**Work item**
Print the listing below only from the line that has "A copy in Frankfurt" through the line that has "Die Mündungsbremse Typ9V3", exactly, and drop any picture.

**Dataset excerpts**
• • • • • • •
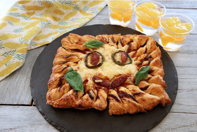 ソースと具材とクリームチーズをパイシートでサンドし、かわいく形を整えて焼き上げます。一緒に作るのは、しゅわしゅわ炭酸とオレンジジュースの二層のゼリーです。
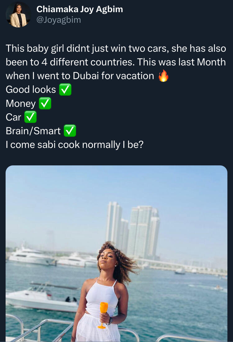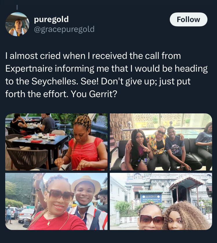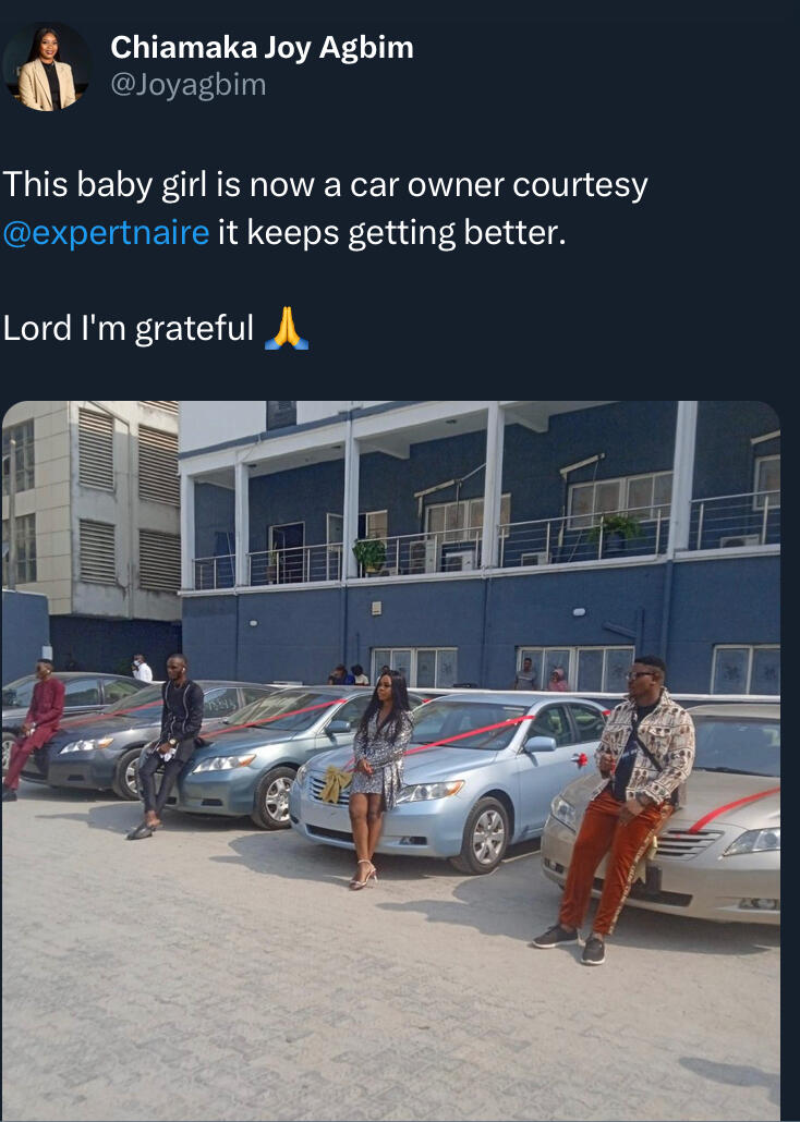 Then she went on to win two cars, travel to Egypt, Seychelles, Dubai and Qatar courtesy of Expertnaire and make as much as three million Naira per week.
• • • • • • •
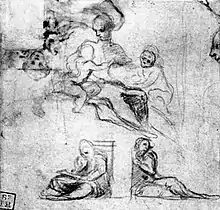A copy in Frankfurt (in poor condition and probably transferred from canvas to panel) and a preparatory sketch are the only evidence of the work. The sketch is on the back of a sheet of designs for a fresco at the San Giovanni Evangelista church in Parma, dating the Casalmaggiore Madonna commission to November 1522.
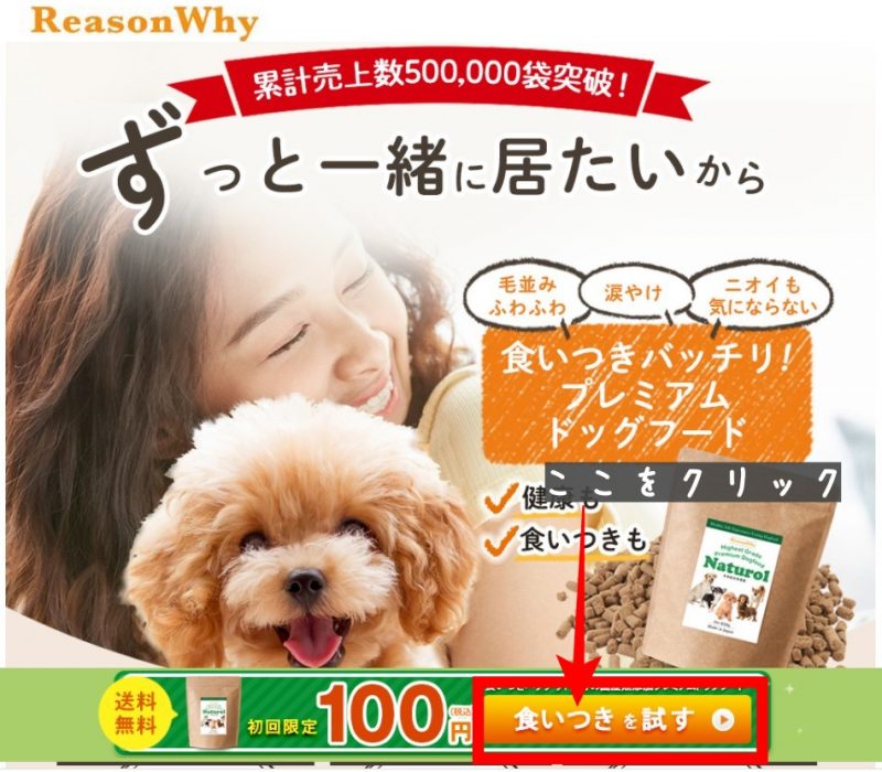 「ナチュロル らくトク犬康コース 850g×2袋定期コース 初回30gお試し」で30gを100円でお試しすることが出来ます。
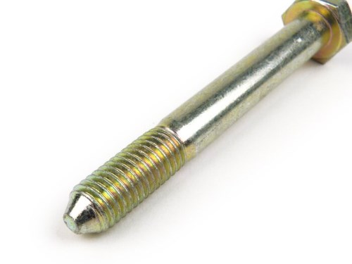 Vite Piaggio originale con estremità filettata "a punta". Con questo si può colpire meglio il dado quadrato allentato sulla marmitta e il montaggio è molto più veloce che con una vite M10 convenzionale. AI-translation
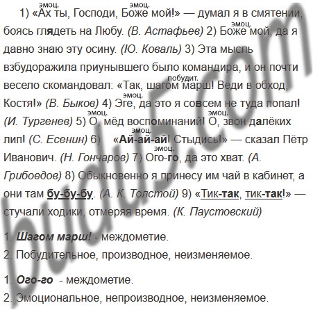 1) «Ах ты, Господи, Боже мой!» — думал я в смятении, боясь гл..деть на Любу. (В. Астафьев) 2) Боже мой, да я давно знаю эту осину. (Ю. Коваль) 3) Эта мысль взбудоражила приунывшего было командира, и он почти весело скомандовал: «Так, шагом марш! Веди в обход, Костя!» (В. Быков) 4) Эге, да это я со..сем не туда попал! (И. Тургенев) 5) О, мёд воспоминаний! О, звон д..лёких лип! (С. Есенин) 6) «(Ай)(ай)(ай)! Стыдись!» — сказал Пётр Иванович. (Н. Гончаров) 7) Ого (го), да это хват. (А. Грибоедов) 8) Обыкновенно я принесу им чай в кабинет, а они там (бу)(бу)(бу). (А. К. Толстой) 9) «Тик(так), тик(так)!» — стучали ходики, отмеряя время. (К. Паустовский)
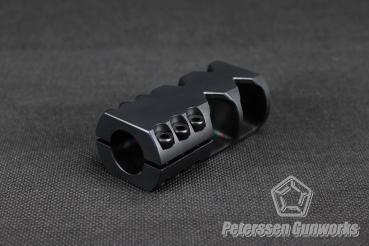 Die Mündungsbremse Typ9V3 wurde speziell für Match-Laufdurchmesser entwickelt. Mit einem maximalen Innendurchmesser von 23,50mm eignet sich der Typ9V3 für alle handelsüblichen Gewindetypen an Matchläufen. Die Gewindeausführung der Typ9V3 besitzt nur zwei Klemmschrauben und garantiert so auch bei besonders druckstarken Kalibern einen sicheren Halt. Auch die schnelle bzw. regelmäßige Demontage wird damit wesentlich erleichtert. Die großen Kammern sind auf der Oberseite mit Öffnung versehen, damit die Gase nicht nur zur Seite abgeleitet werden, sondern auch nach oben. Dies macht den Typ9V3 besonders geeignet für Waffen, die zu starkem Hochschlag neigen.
• • • • • • •
**Output for this exercise**
A copy in Frankfurt (in poor condition and probably transferred from canvas to panel) and a preparatory sketch are the only evidence of the work. The sketch is on the back of a sheet of designs for a fresco at the San Giovanni Evangelista church in Parma, dating the Casalmaggiore Madonna commission to November 1522.
 「ナチュロル らくトク犬康コース 850g×2袋定期コース 初回30gお試し」で30gを100円でお試しすることが出来ます。
 Vite Piaggio originale con estremità filettata "a punta". Con questo si può colpire meglio il dado quadrato allentato sulla marmitta e il montaggio è molto più veloce che con una vite M10 convenzionale. AI-translation
 1) «Ах ты, Господи, Боже мой!» — думал я в смятении, боясь гл..деть на Любу. (В. Астафьев) 2) Боже мой, да я давно знаю эту осину. (Ю. Коваль) 3) Эта мысль взбудоражила приунывшего было командира, и он почти весело скомандовал: «Так, шагом марш! Веди в обход, Костя!» (В. Быков) 4) Эге, да это я со..сем не туда попал! (И. Тургенев) 5) О, мёд воспоминаний! О, звон д..лёких лип! (С. Есенин) 6) «(Ай)(ай)(ай)! Стыдись!» — сказал Пётр Иванович. (Н. Гончаров) 7) Ого (го), да это хват. (А. Грибоедов) 8) Обыкновенно я принесу им чай в кабинет, а они там (бу)(бу)(бу). (А. К. Толстой) 9) «Тик(так), тик(так)!» — стучали ходики, отмеряя время. (К. Паустовский)
 Die Mündungsbremse Typ9V3 wurde speziell für Match-Laufdurchmesser entwickelt. Mit einem maximalen Innendurchmesser von 23,50mm eignet sich der Typ9V3 für alle handelsüblichen Gewindetypen an Matchläufen. Die Gewindeausführung der Typ9V3 besitzt nur zwei Klemmschrauben und garantiert so auch bei besonders druckstarken Kalibern einen sicheren Halt. Auch die schnelle bzw. regelmäßige Demontage wird damit wesentlich erleichtert. Die großen Kammern sind auf der Oberseite mit Öffnung versehen, damit die Gase nicht nur zur Seite abgeleitet werden, sondern auch nach oben. Dies macht den Typ9V3 besonders geeignet für Waffen, die zu starkem Hochschlag neigen.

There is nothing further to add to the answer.